**** DATA FOR ANALYSIS ****

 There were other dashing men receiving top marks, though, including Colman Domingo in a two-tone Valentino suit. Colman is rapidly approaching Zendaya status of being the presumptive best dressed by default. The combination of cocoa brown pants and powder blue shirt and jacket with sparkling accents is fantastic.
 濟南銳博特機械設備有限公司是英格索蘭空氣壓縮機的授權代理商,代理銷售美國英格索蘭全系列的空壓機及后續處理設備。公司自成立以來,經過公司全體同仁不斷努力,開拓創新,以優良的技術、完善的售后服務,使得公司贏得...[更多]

****
**** DATA FOR ANALYSIS ****

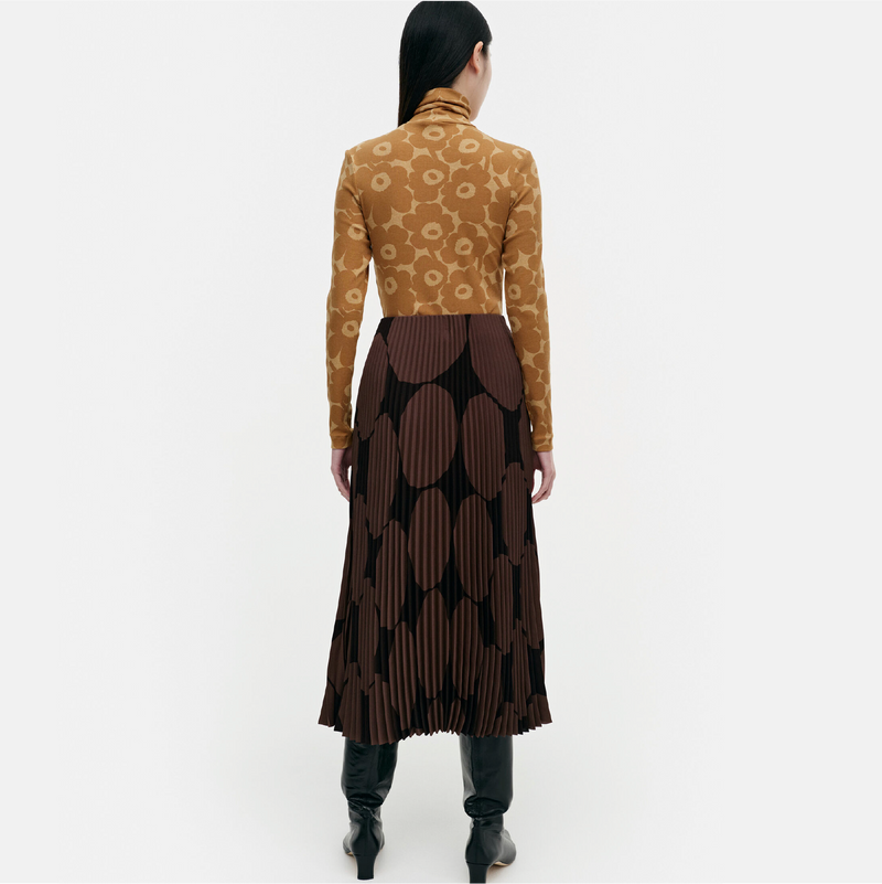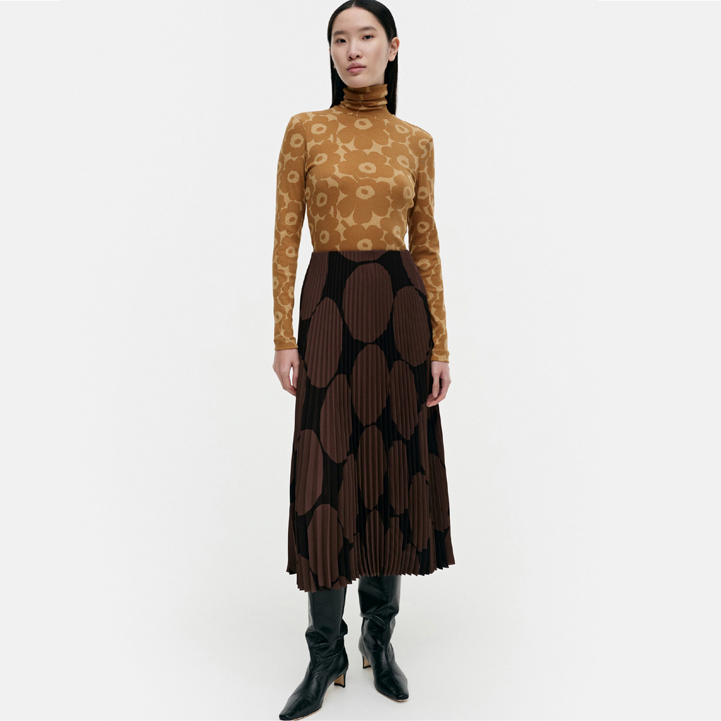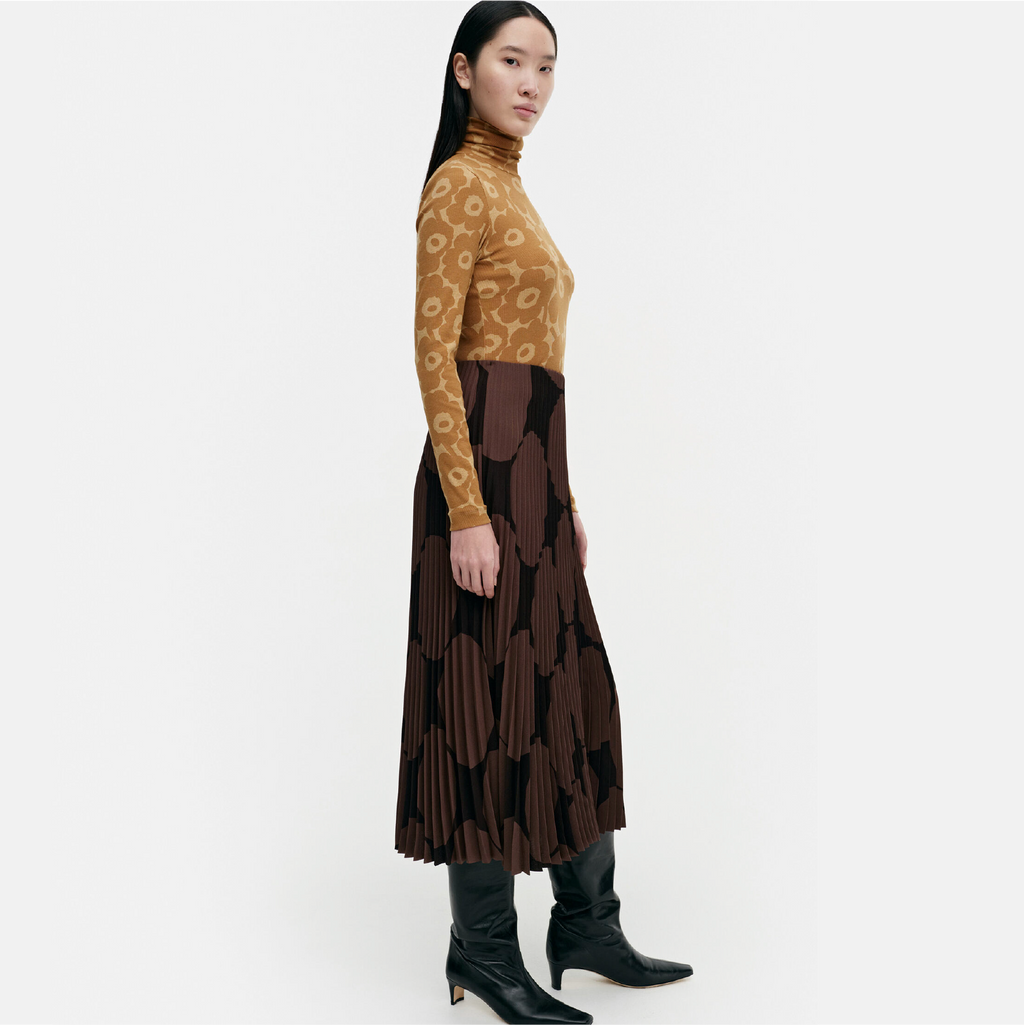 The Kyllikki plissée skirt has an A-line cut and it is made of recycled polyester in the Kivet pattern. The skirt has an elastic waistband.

****
**** DATA FOR ANALYSIS ****

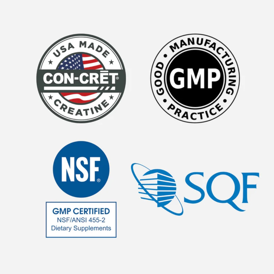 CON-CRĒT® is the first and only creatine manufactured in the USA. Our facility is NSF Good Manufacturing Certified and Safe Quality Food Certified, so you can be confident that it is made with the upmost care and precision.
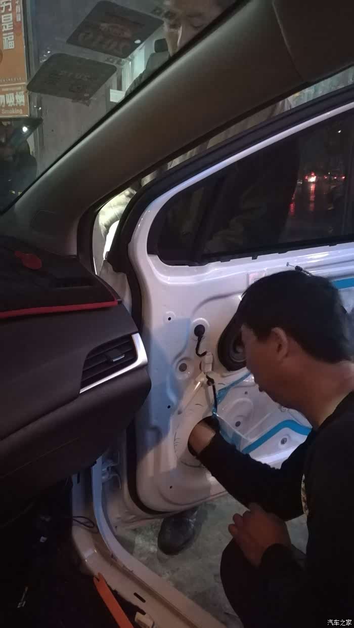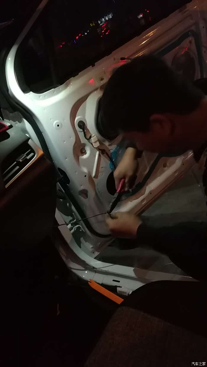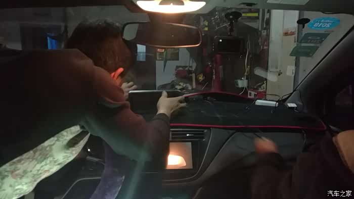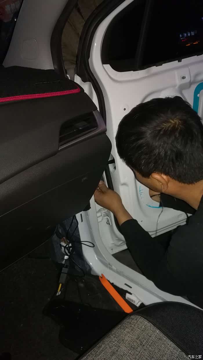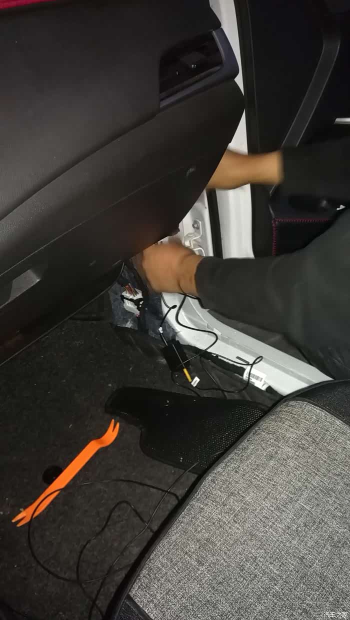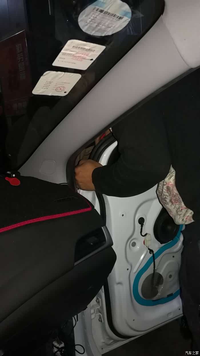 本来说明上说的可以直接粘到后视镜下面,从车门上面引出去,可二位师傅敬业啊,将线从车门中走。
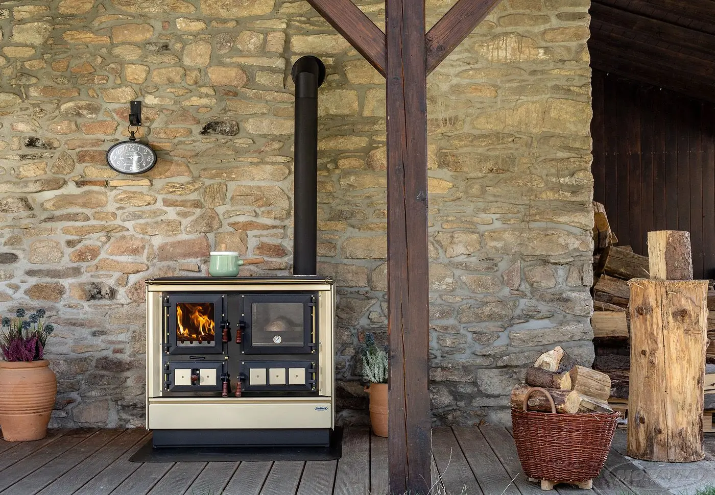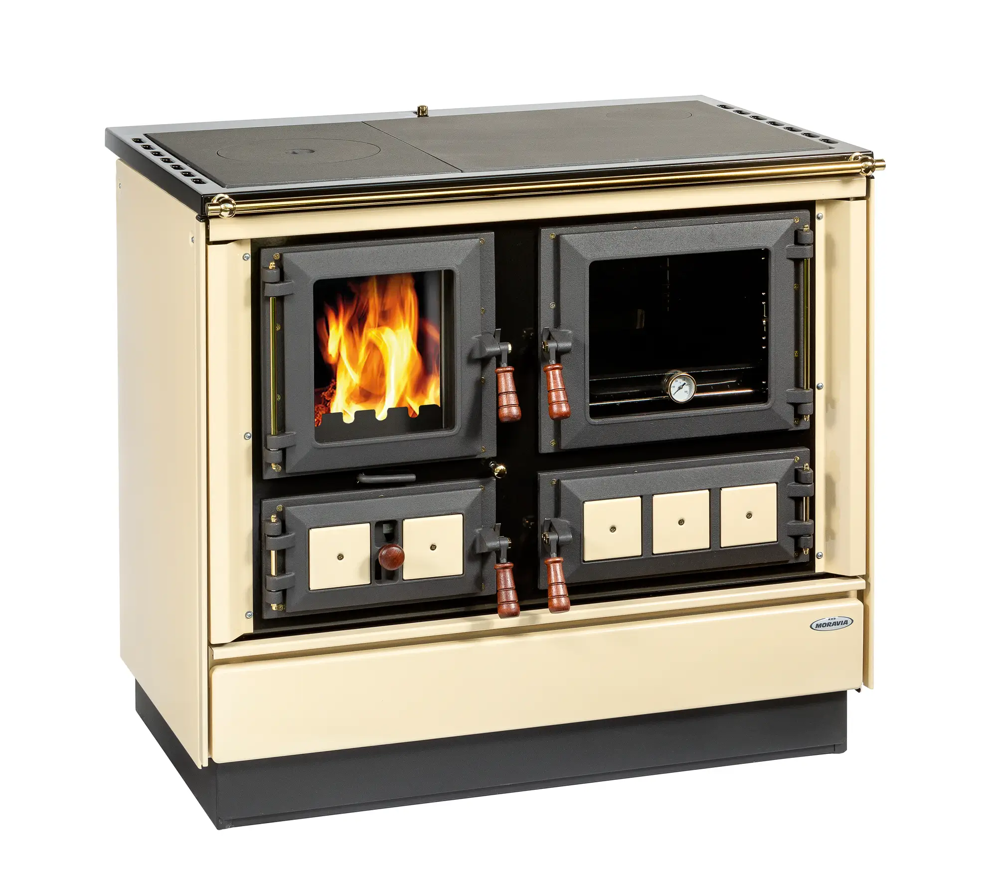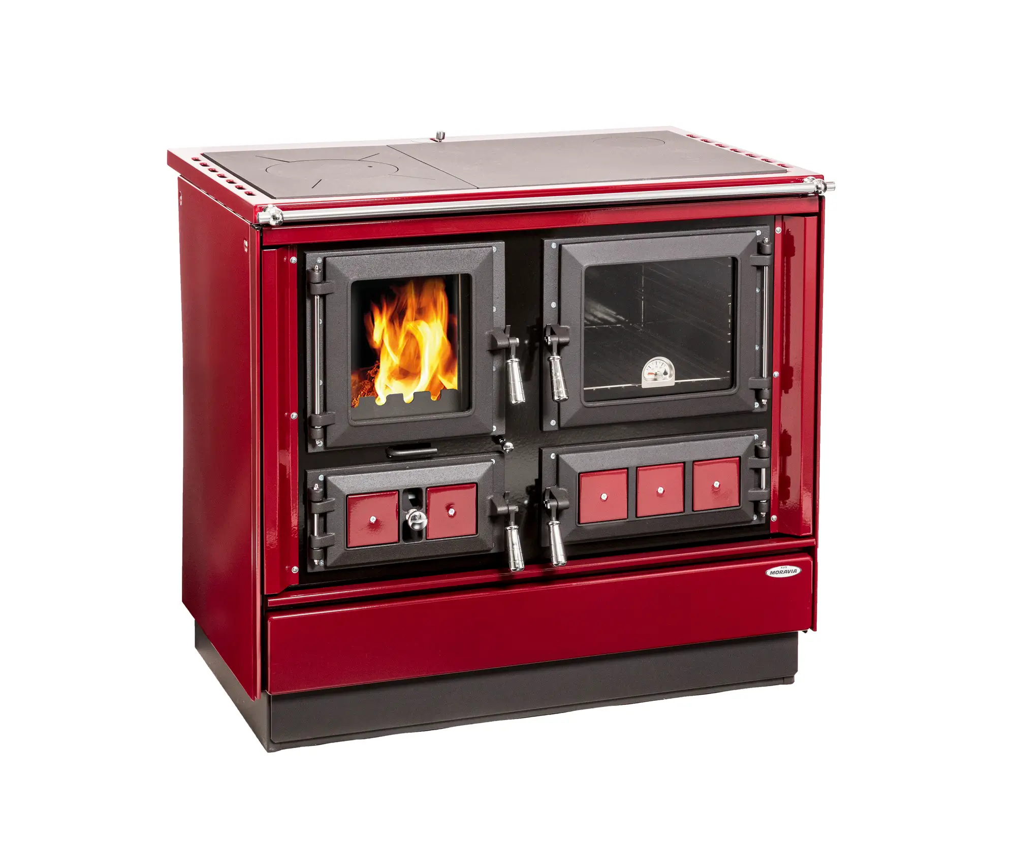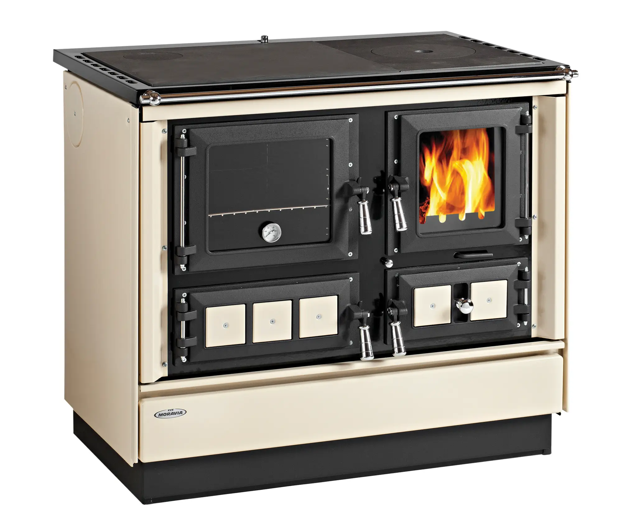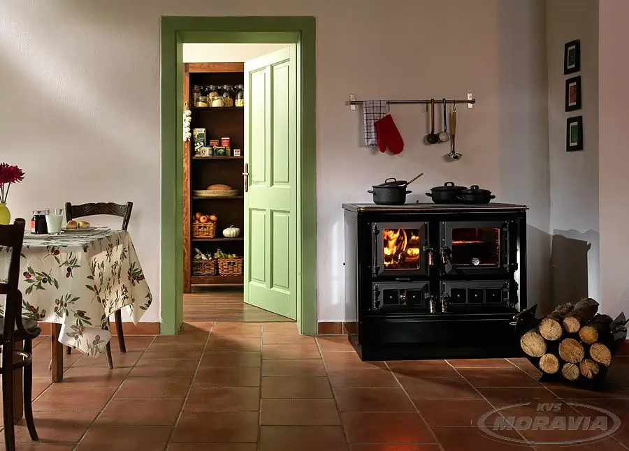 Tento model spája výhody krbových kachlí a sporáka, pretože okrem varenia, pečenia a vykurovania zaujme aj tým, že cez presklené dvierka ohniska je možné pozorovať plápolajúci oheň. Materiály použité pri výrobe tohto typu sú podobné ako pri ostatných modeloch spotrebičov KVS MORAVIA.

****

## [REQUIRED WORK]
Retype only the lines above between the line with "There were other" and the line with "濟南銳博特機械設備有限公司是", counting those two lines as well, and keep every character as it is.

## [YOUR RESPONSE]
 There were other dashing men receiving top marks, though, including Colman Domingo in a two-tone Valentino suit. Colman is rapidly approaching Zendaya status of being the presumptive best dressed by default. The combination of cocoa brown pants and powder blue shirt and jacket with sparkling accents is fantastic.
 濟南銳博特機械設備有限公司是英格索蘭空氣壓縮機的授權代理商,代理銷售美國英格索蘭全系列的空壓機及后續處理設備。公司自成立以來,經過公司全體同仁不斷努力,開拓創新,以優良的技術、完善的售后服務,使得公司贏得...[更多]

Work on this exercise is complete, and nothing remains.